• _What you will do_
Print the data exactly as written, but leave out each picture.

• _Data extract_
#####

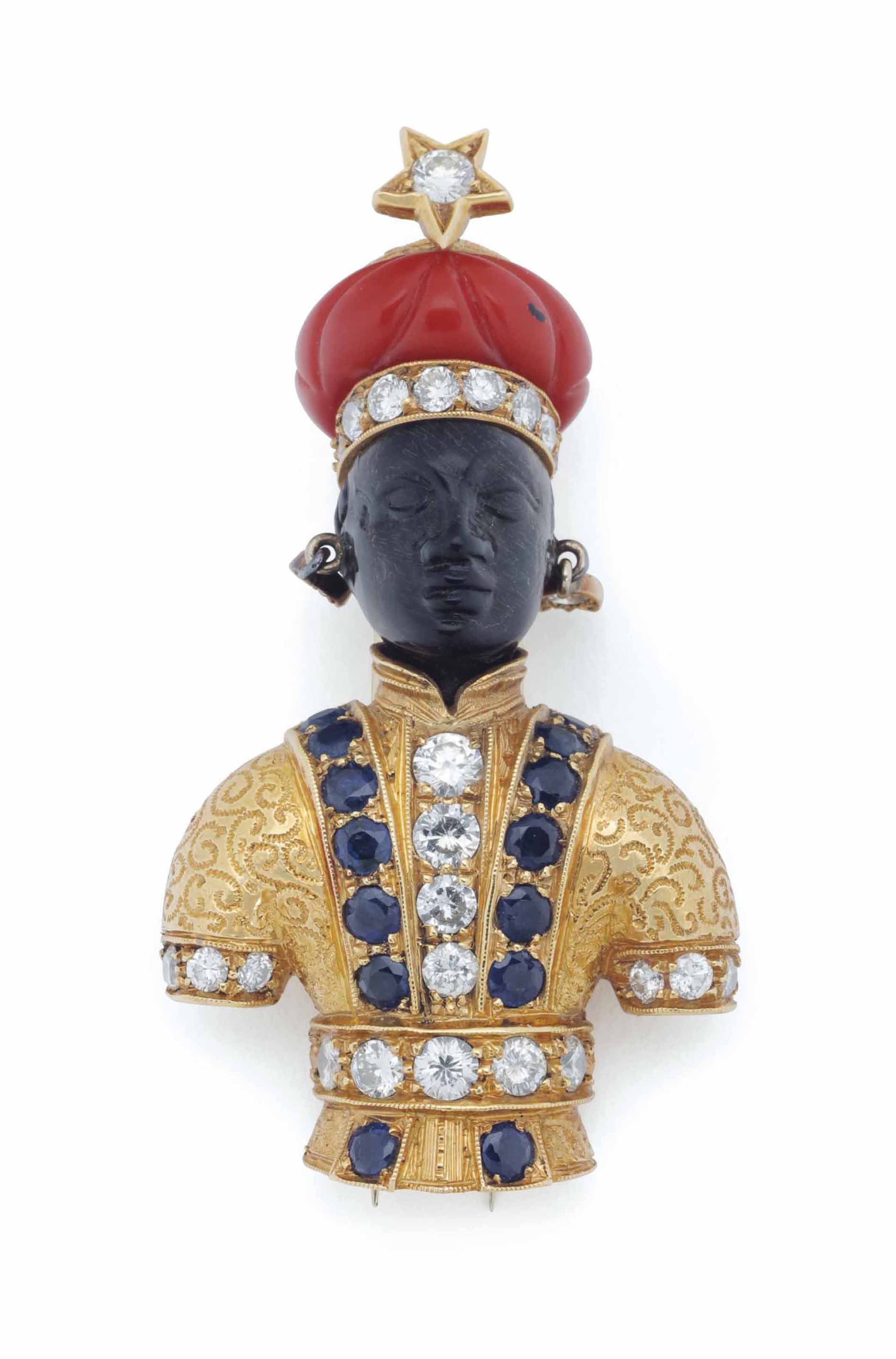 A diamond, sapphire, coral and gold figural brooch, Venezia c 1980. Stamped ‘750’, signed ‘G. Nardi’ 2 1/8 in. (5.4 cm.) high. Sold for USD 6,875 at Christie’s
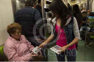 CIUDAD DE MÉXICO, 21JULIO2016.- Jóvenes integrantes del Movimiento de Aspirantes Excluidos de Educación Superior (MAES) realizaron volanteo en diversas estaciones del Sistema de Transporte Colectivo Metro, para informar acerca de dicho movimiento. Asimismo, para invitar a los usuarios a sumarse a la marcha programada para el próximo 25 de julio, que partirá del Monumento a la Revolución hacia Secretaría de Educación Pública (SEP). FOTO: GALO CAÑAS /CUARTOSCURO.COM
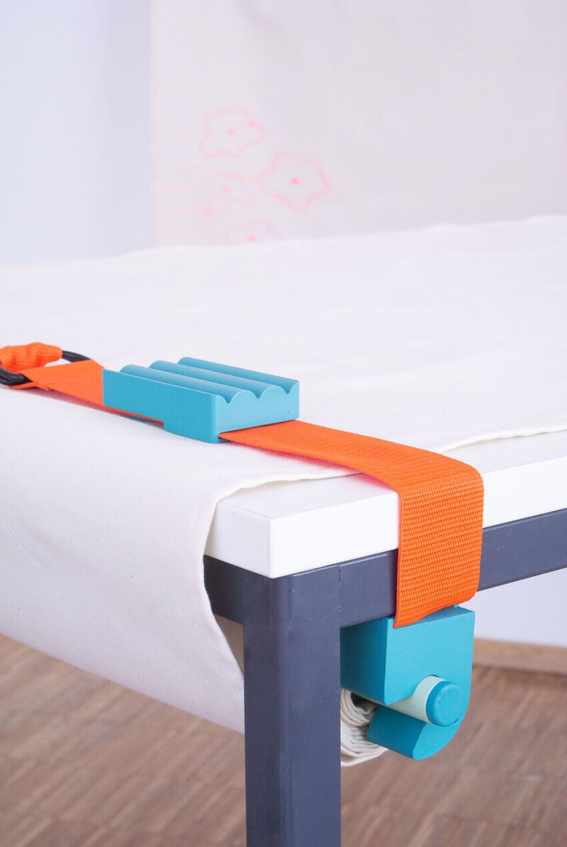 Durch ein Gurtband wird die Gesamtkonstruktion von Befestigungshaken und Textilrolle am Tisch montiert. Klammerartige Verstrebungen machen eine simple Anbringung der Haken am Gurtband möglich. Ebenso kann der Stiftehalter als optionales Add-On hinzugefügt, verschoben und ausgetauscht werden.
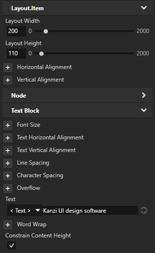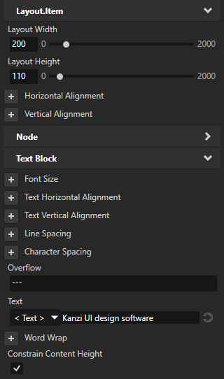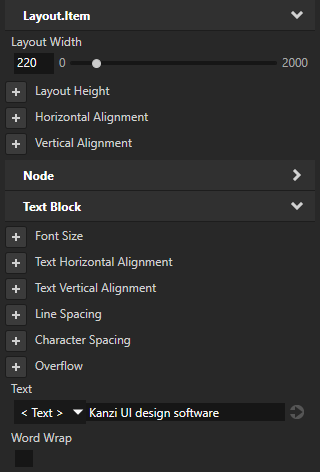 When you restrict the width of a Text Block node with the Layout Width property, you can set how Kanzi lays out the text that is longer than the width of that Text Block node:
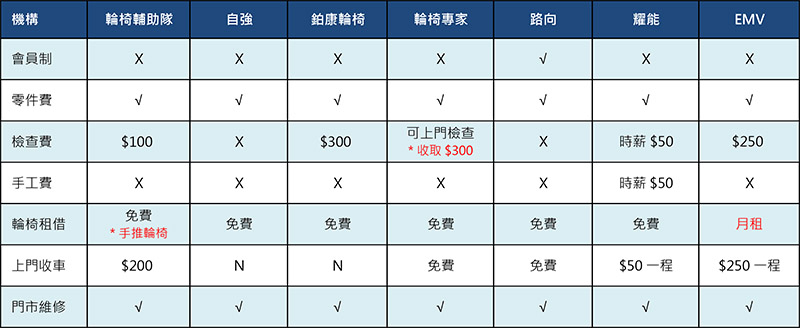 收费:自强及路向的收费是最廉宜,因为只需支付零件费,不需支付检查费等费用,不过路向只为会员服务,其次是香港轮椅辅助队,检查费只需要$70。
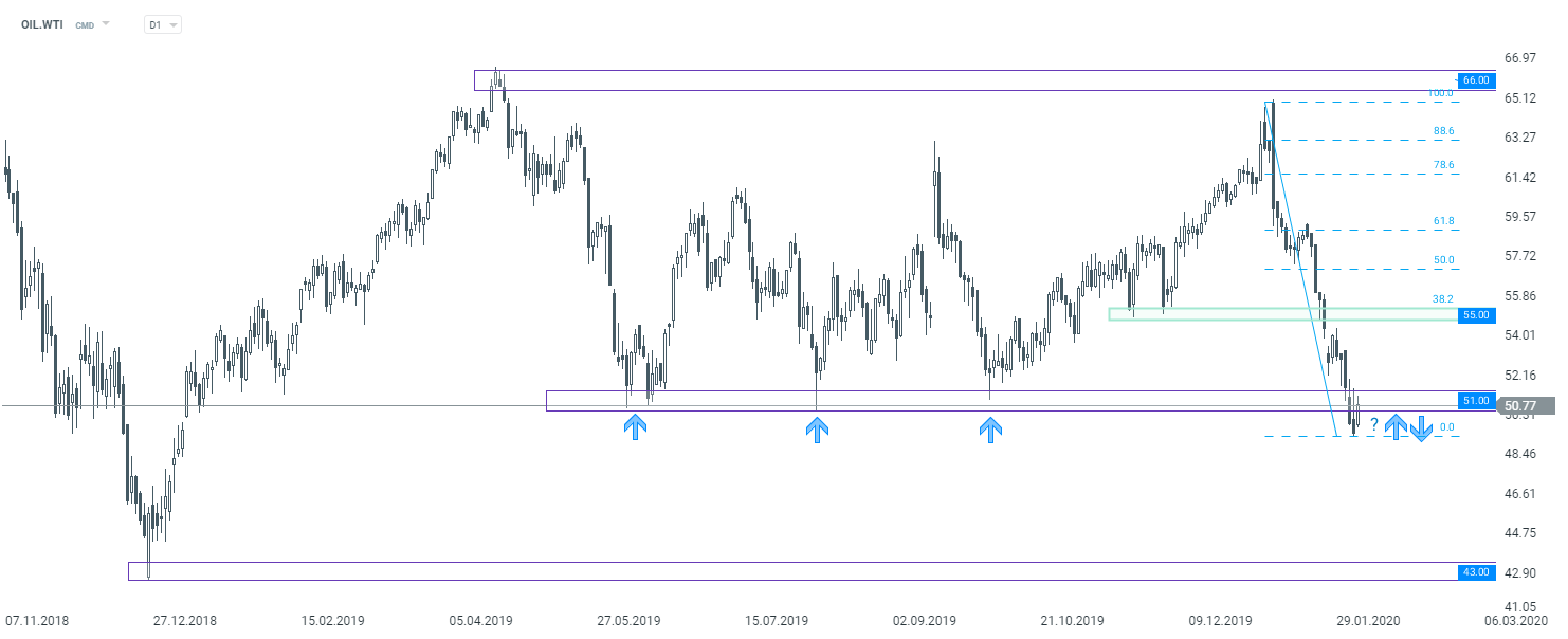 Technická situace na ropě WTI (OIL.WTI) je také velmi zajímavá, i když v tomto případě se instrument vydal na jih. Cena ropy dosáhla na nová roční minima, když se dostala až pod úroveň 50 dolarů. Dnes své největší ztráty koriguje a dostala se nad rezistenci 51 dolarů. Pokud se udrží nad touto hladinou, tak by mohla pokračovat pozitivní korekce. Není vyloučen rychlý vzestup až k úrovni zóny rezistence na 55 dolarech za barel.
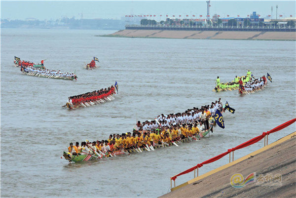 11月10日至12日,柬埔寨首都金边的王宫广场、湄公河畔张灯结彩,来自全国各省市的数万名龙舟选手齐聚四臂湾,柬埔寨迎来了一年一度的送水节。
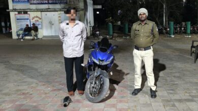 सेंधवा में कान फोड़ू साइलेंसर पर पुलिस की कार्रवाई, मोटर साइकिल का साइलेंसर निकलवाकर चालान
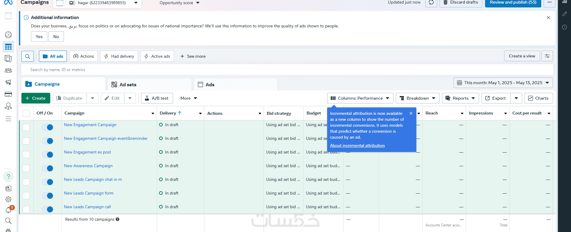 يتم تنفيذ الحملة من خلال حسابك الإعلاني.

#####

• _Response to the task_
 A diamond, sapphire, coral and gold figural brooch, Venezia c 1980. Stamped ‘750’, signed ‘G. Nardi’ 2 1/8 in. (5.4 cm.) high. Sold for USD 6,875 at Christie’s
 CIUDAD DE MÉXICO, 21JULIO2016.- Jóvenes integrantes del Movimiento de Aspirantes Excluidos de Educación Superior (MAES) realizaron volanteo en diversas estaciones del Sistema de Transporte Colectivo Metro, para informar acerca de dicho movimiento. Asimismo, para invitar a los usuarios a sumarse a la marcha programada para el próximo 25 de julio, que partirá del Monumento a la Revolución hacia Secretaría de Educación Pública (SEP). FOTO: GALO CAÑAS /CUARTOSCURO.COM
 Durch ein Gurtband wird die Gesamtkonstruktion von Befestigungshaken und Textilrolle am Tisch montiert. Klammerartige Verstrebungen machen eine simple Anbringung der Haken am Gurtband möglich. Ebenso kann der Stiftehalter als optionales Add-On hinzugefügt, verschoben und ausgetauscht werden.
 When you restrict the width of a Text Block node with the Layout Width property, you can set how Kanzi lays out the text that is longer than the width of that Text Block node:
 收费:自强及路向的收费是最廉宜,因为只需支付零件费,不需支付检查费等费用,不过路向只为会员服务,其次是香港轮椅辅助队,检查费只需要$70。
 Technická situace na ropě WTI (OIL.WTI) je také velmi zajímavá, i když v tomto případě se instrument vydal na jih. Cena ropy dosáhla na nová roční minima, když se dostala až pod úroveň 50 dolarů. Dnes své největší ztráty koriguje a dostala se nad rezistenci 51 dolarů. Pokud se udrží nad touto hladinou, tak by mohla pokračovat pozitivní korekce. Není vyloučen rychlý vzestup až k úrovni zóny rezistence na 55 dolarech za barel.
 11月10日至12日,柬埔寨首都金边的王宫广场、湄公河畔张灯结彩,来自全国各省市的数万名龙舟选手齐聚四臂湾,柬埔寨迎来了一年一度的送水节。
 सेंधवा में कान फोड़ू साइलेंसर पर पुलिस की कार्रवाई, मोटर साइकिल का साइलेंसर निकलवाकर चालान
 يتم تنفيذ الحملة من خلال حسابك الإعلاني.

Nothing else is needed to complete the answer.